El jabalí de bronce se detuvo en el Palazzo degli Uffizi, bajo la arcada donde se reúne la nobleza en las fiestas de carnaval. - Agárrate bien - repitió el animal -, vamos a subir por esta escalera -. El niño permanecía callado, entre tembloroso y feliz.
Entraron en una larga galería, que él conocía muy bien; ya antes había estado en ella. De las paredes colgaban magníficos cuadros, y había estatuas y bustos, todo iluminado por vivísima luz, como en pleno día. Pero lo más hermoso vino cuando se abrieron las puertas que daban acceso a una sala contigua. El niño no había olvidado cuán magnífico era aquello, pero nunca lo había visto tan esplendoroso como aquella noche.
Había allí una maravillosa mujer desnuda, como sólo pueden moldearla la Naturaleza y el cincel de los grandes maestros. Movía los graciosos miembros, delfines saltaban a sus pies, la inmortalidad brillaba en sus ojos. El mundo la llama la Venus de Médicis. Todo en torno relucían las estatuas de mármol, en las que la piedra aparecía animada por la vida del espíritu: figuras de hombres magníficos, uno afilando la espada - por eso se le llama el Afilador -, más allá el grupo de los Pugilistas; la espada era aguzada, y los combatientes luchaban por la Diosa de la Belleza.
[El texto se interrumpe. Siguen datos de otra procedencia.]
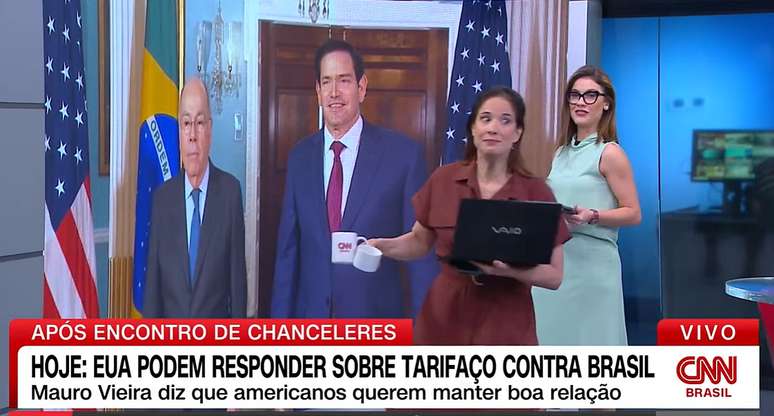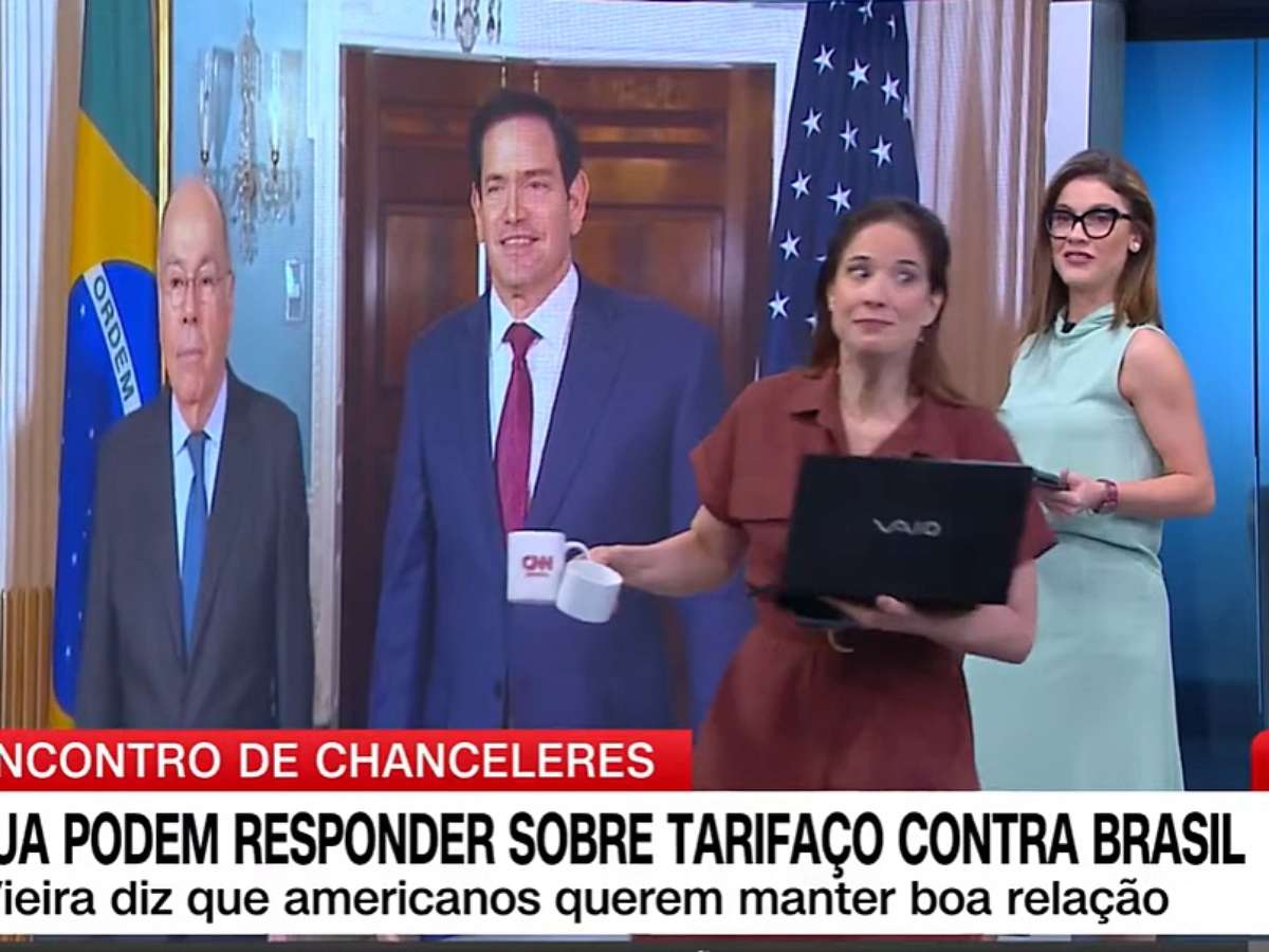 Por sorte, a notícia em destaque (o aperto de mão com sorrisos entre o chanceler brasileiro Mauro Vieira e o secretário de Estado norte-americano Marco Rubio) era igualmente descontraída.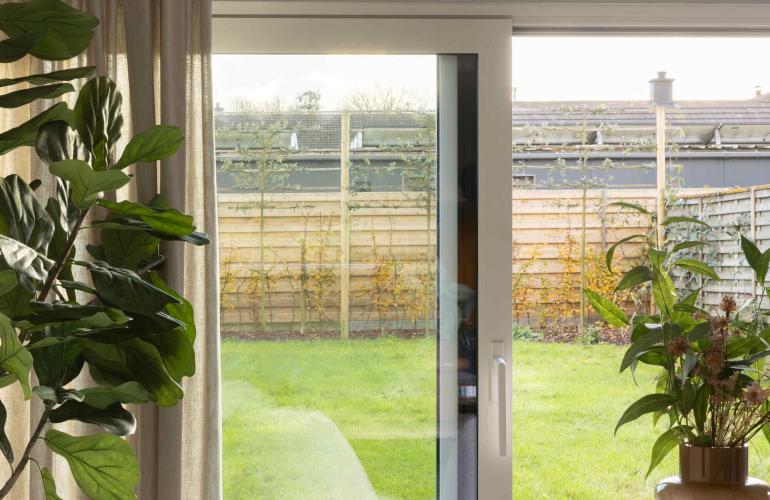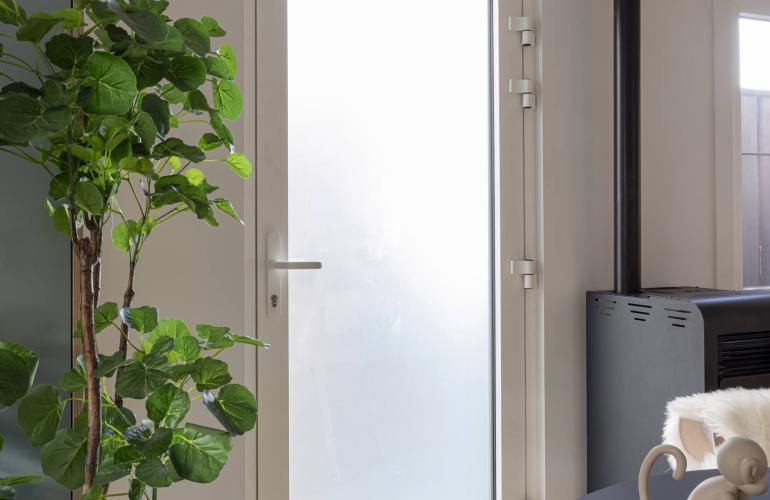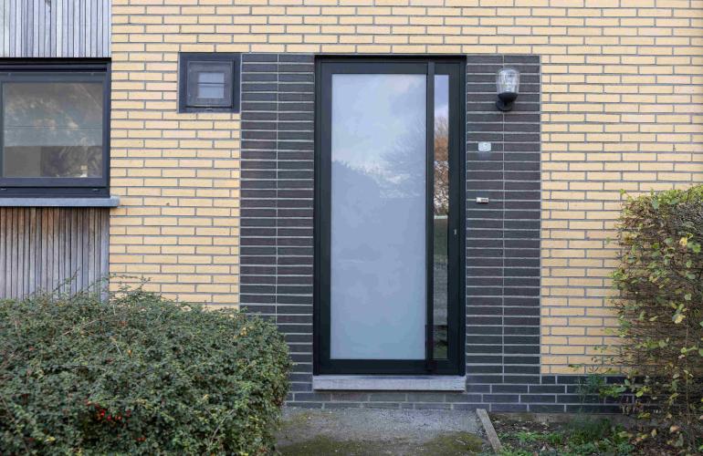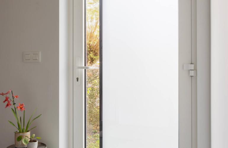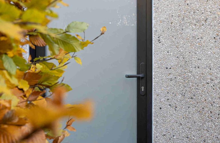 De voordeur en zijdeur zijn afgewerkt met gezandstraald glas en zorgen voor een mooie lichtinval én de gewenste privacy.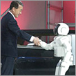 - 4月18日(日)、ASIMOは、ドイツで行われた「ハノーバー産業展示会」のオープニングセレモニーに出席しました。ASIMOは、ドイツのシュレーダー首相と握手をし、首相はじめ、参加者の方々を歓迎しました。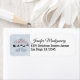 Etiquetas de endereço de Natal festivo. Uma cinza sutil com flocos de neve. Rico com letra de tendência que diz: Feliz Natal e Feliz ano novo. Com um Papai noel preto de silhueta no seu trenó sendo puxado por sua rena voando pelo céu.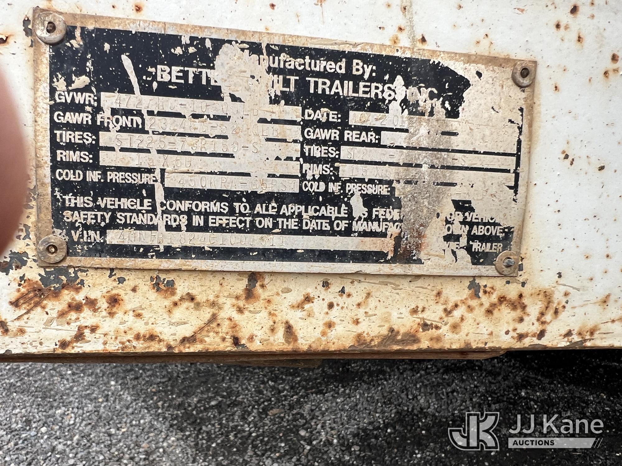 2012 Better Built PH1822FB T/A Tagalong Equipment Trailer, s/n 4MNFB1824C1001311, with 18 ft level deck between wheels & ramp, (Municipality Owned)*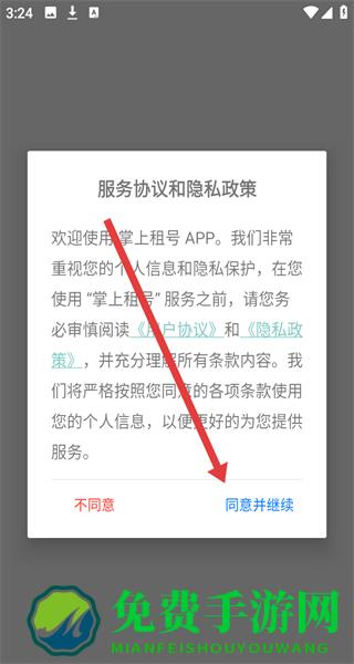 1、点击“服务协议和隐私政策”弹窗的“同意并继续”,进入掌上租号APP首页。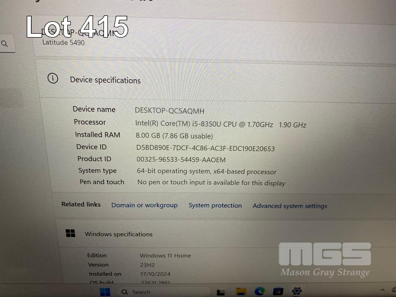 LAPTOP, DELL LATITUDE 5490, CORE i5 8350U (8TH GEN) @ 1.7GHz, 8GB DDR4 RAM, 512GB M.2 SSD, 14" WIDESCREEN (1920x1080), INTEL UHD GRAPHICS 620, Wi-Fi, BLUETOOTH, WINDOWS 11 HOME INSTALLED & POWER SUPPLY (NOTE: MINOR MARKS ON SCREEN) S/N:8VCDVT2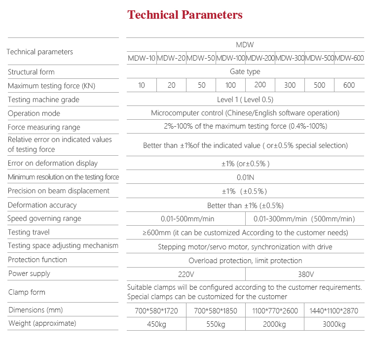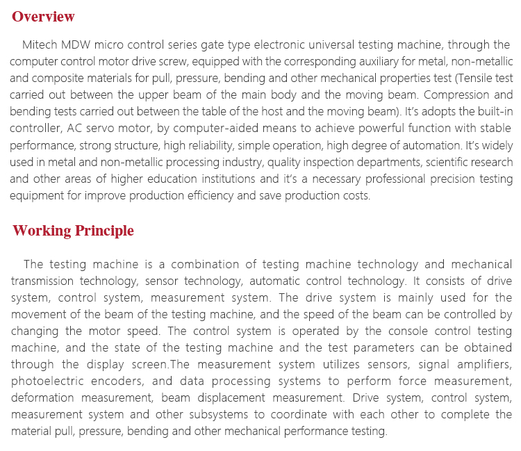 Product OverviewMitech MDW micro control series gate type electronic universal testing machine, through the computer control motor drive screw, equipped with the corresponding auxiliary for metal, non-metallic and composite materials for pull, pressure, bending and other mechanical properties test (Tensile test carried out between the upper beam of the main body and the moving beam. Compression and bending tests carried out between the table of the host and the moving beam). It’s adopts the built-in controller, AC servo motor, by computer-aided means to achieve powerful function with stable performance, strong structure, high reliability, simple operation, high degree of automation. It’s widely used in metal and non-metallic processing industry, quality inspection departments, scientific research and other areas of higher education institutions and it’s a necessary professional precision testing equipment for improve production efficiency and save production costs.

El chiquillo estaba como deslumbrado por todo aquel esplendor; las paredes ardían de color, y todo era vida y movimiento. Podían verse dos Venus, representando la Venus terrena, turgente y ardorosa, tal como Tiziano la había apretado sobre su corazón. Eran dos soberbias figuras femeninas. Los bellos miembros desnudos se extendían sobre los muelles almohadones; el pecho se levantaba, y la cabeza se movía dejando caer los abundantes rizos en torno a los bien curvados hombros, mientras los oscuros ojos expresaban ardientes pensamientos. Pero ninguno de aquellos personajes osaba salir por completo de su marco. La propia Diosa de la Belleza, los Pugilistas y el Afilador, permanecían en sus puestos, pues la Gloria que irradiaba de la Madonna, de Jesús y San Juan, los mantenía sujetos. Las imágenes de los santos no eran ya imágenes, sino los santos en persona.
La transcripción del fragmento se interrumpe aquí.